A miserable day for SBF
He's in jail for Christmas, charged with fraud over the FTX crypto collapse
It was a miserable day for Sam Bankman-Fried.
He woke up in a Bahamas jail.
Then the US government unsealed an indictment against him for money laundering, wire fraud, commodities fraud and securities fraud.
Then the SEC filed a complaint against him for securities fraud.
Then the CFTC filed a complaint against him for fraud and material misrepresentations.
Then the US House of Representatives held a three hour hearing with the new CEO of FTX, who verbally crucified Sam Bankman-Fried, calling him a liar and an embezzler.
Then he had a court hearing in the Bahamas and applied to be released on bail pending an extradition hearing, which was denied.
As the day wound to a close, he was escorted away in handcuffs, ordered to be remanded until February 8, 2023.
He’ll be spending Christmas in jail.
FTX not in the Bahamas by accident
SBF was not accidentally in the Bahamas, and didn’t run FTX accidentally from the Bahamas.

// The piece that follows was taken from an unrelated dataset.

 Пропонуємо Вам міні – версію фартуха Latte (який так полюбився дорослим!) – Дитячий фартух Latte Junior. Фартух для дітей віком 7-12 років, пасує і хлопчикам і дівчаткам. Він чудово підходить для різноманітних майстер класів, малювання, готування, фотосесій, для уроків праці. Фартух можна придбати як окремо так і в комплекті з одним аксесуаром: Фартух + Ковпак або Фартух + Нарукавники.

Crypto companies go to the Bahamas, with offshore illegal online gambling entities, for one reason only - lax financial crime.

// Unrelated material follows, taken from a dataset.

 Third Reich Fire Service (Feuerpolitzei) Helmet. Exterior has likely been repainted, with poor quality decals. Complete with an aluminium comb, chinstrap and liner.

They want the least transparency, the least visibility, the least government oversight with no anti-money laundering reporting by financial institutions. The Bahamas is one of the leaders in all those areas.

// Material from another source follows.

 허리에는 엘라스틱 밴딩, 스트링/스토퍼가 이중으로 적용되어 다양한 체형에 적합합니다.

A country with a trifecta of risks
I spoke at an ACAMS conference a few years ago on the financial crime risks of financial services in the Caribbean. Below are two pages from my slides. It’s worth noting:
The US government repeatedly asks the Bahamas to investigate and prosecute crypto crimes;
Bahamian financial institutions file almost no suspicious transaction reports related to financial crimes;
There are major transparency issues with respect to financial crimes; and
Politically exposed persons (like SBF), pose a high risk for financial crimes in banking in the Bahamas and yet there is no capability for oversight or financial crime investigations capacity.
The Bahamas is one of a few countries, as noted in the pages above, which poses a trifecta of risks by being a major money laundering country, a major drug producing and transit country, and being on the US President’s list of countries of major concern for financial crime.
With the eyes of the world on the Bahamas’ financial services sector for the next several months, one wonders if it will finally prompt the Bahamas to quit being an irresponsible safe haven for crypto.